- _YOUR INSTRUCTIONS_
The data below is to be written out exactly, with no pictures.

━━━ GIVEN MATERIAL ━━━

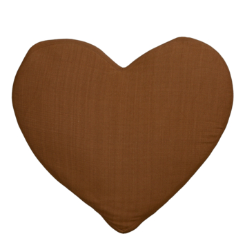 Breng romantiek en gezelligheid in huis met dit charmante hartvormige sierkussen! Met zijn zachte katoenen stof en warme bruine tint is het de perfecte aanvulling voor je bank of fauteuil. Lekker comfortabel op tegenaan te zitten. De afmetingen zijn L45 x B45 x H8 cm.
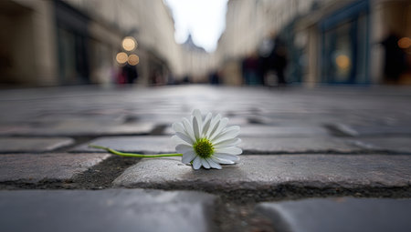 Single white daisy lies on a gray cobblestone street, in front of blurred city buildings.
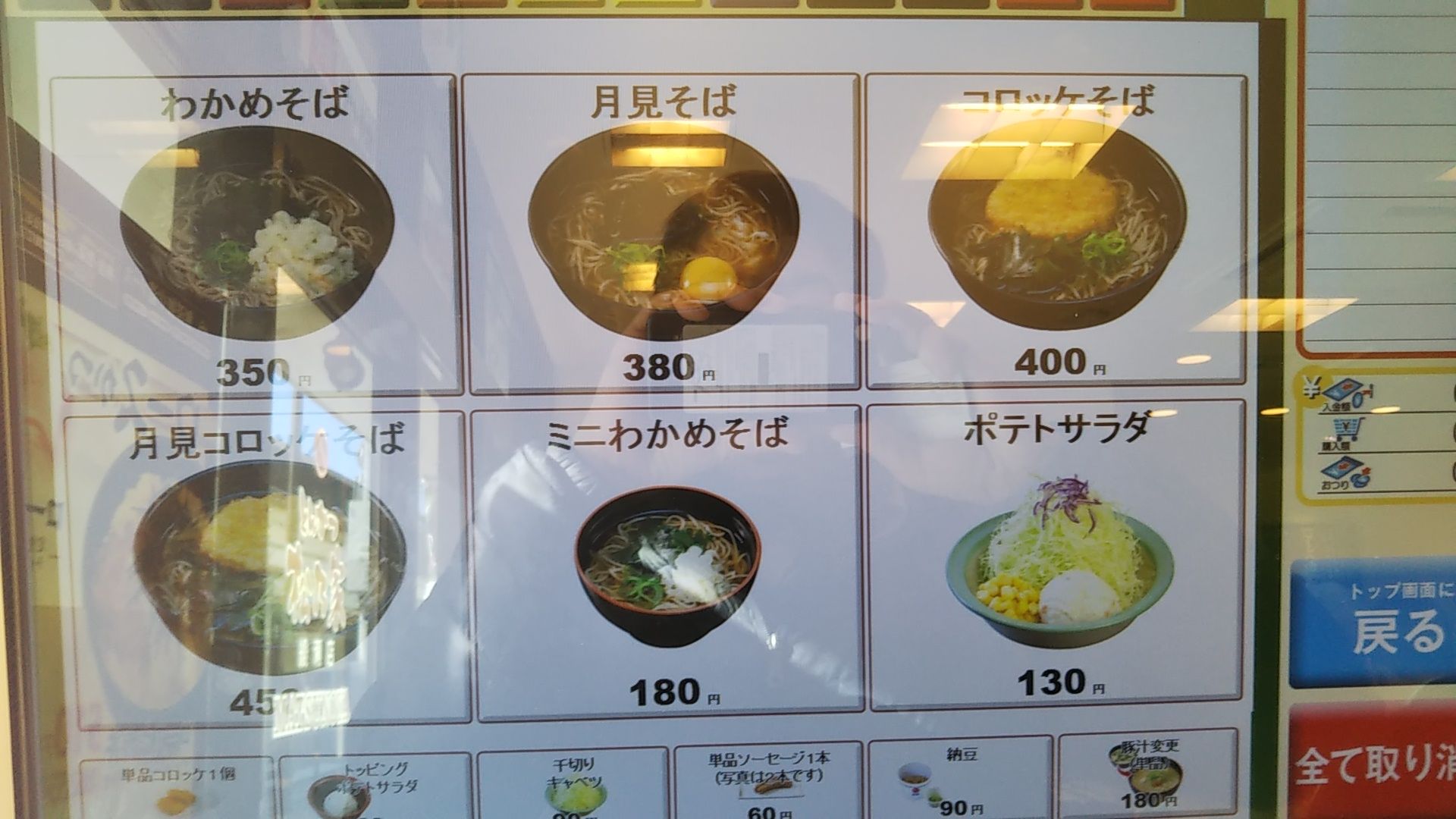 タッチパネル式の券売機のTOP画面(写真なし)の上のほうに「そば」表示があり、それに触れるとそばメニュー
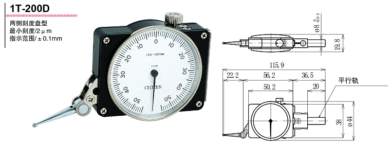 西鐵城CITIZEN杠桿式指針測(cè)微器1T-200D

━━━

- _TASK OUTPUT_
 Breng romantiek en gezelligheid in huis met dit charmante hartvormige sierkussen! Met zijn zachte katoenen stof en warme bruine tint is het de perfecte aanvulling voor je bank of fauteuil. Lekker comfortabel op tegenaan te zitten. De afmetingen zijn L45 x B45 x H8 cm.
 Single white daisy lies on a gray cobblestone street, in front of blurred city buildings.
 タッチパネル式の券売機のTOP画面(写真なし)の上のほうに「そば」表示があり、それに触れるとそばメニュー
 西鐵城CITIZEN杠桿式指針測(cè)微器1T-200D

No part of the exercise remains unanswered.